Elle tient le "y" final pendant une bonne dizaine de secondes. C'est un guépard ou un dauphin pour rester aussi longtemps sans respirer ? Heureusement que j'ai baissé le son du talkie-walkie cette fois.

« Oui Charlyyy ?

— Comment tu vas belle gosse ?

— Oh bah ça allait plutôt bien avant d'entendre ta voix.

— Arrête ton char, je sais bien que j'apporte de la joie dans ta petite journée morne et chiante à mourir ! »

Elle n'a pas tort. Mais si jamais je lui avoue, elle ne va pas me lâcher. Puis entre le boulot et elle, je n'ai même pas eu le temps de réfléchir à ce que moi j'avais envie de faire ! Je suis dans un village que je ne connais pas et à part la supérette, le diner, le port et le commissariat, je ne connais encore rien !

« Je sais pas trop si on va se voir ce soir... Enfin après mon travail quoi. J'ai envie de découvrir un peu la Ville.

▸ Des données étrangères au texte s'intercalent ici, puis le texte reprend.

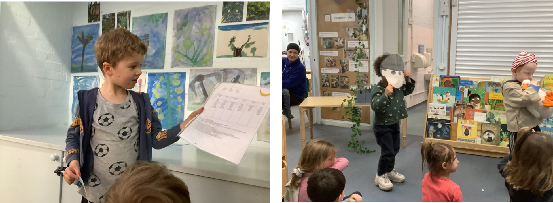 In Green Room, children quickly recognise the symbols and love using them to invent simple stories. They create names for their characters, explore what might happen next, and eagerly share their ideas. The approach strengthens listening and attention skills, encourages collaboration, and helps children build on one another’s creativity as they develop rich, imaginative narratives together.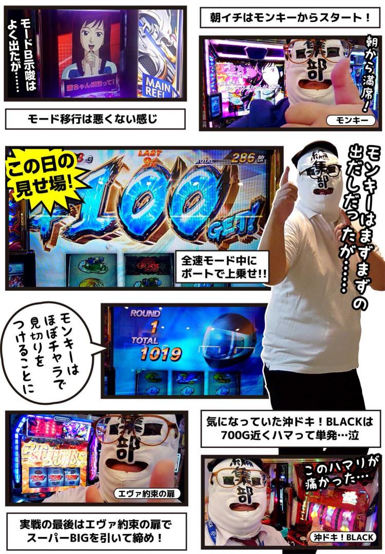 しかし、台移動した先の「沖ドキ!BLACK」と「沖ドキ!ゴージャス」に揉まれてしまい…、逃げるようにBT機の「エヴァ 約束の扉」へ移動。

— Je peux être ton guide !

— J'ai aussi envie d'être un petit peu seule Charly tu sais. »

Elle ne répond pas. Je sais très bien ce qu'elle va faire, elle est beaucoup trop prévisible.

« Oh, d'accord, pas de soucis. À plus tard alors.»

Ah non, ça, je ne l'ai pas vu venir. J'étais persuadée qu'elle allait essayer de me faire culpabiliser... Mais au final elle est simplement partie, ce qui me fait quand même culpabiliser ! Et le pire c'est que je ne sais pas si elle le fait exprès ou si je l'ai vraiment rendue triste ! De toute manière je ne peux pas passer tout mon temps avec elle ! J'ai pas envie que quelqu'un soit dépendant de moi, quelle horreur !

Mais elle est si gentille... Je soupire avant de répondre.

« On se verra demain, d'accord Charly ? »

Elle répond au quart de tour : « GENIAAAL »

Bon, j'en suis au moins débarrassé pour cette nuit. Mais que faire ? Mmhmm.

Purée, être libre c'est compliqué en fait.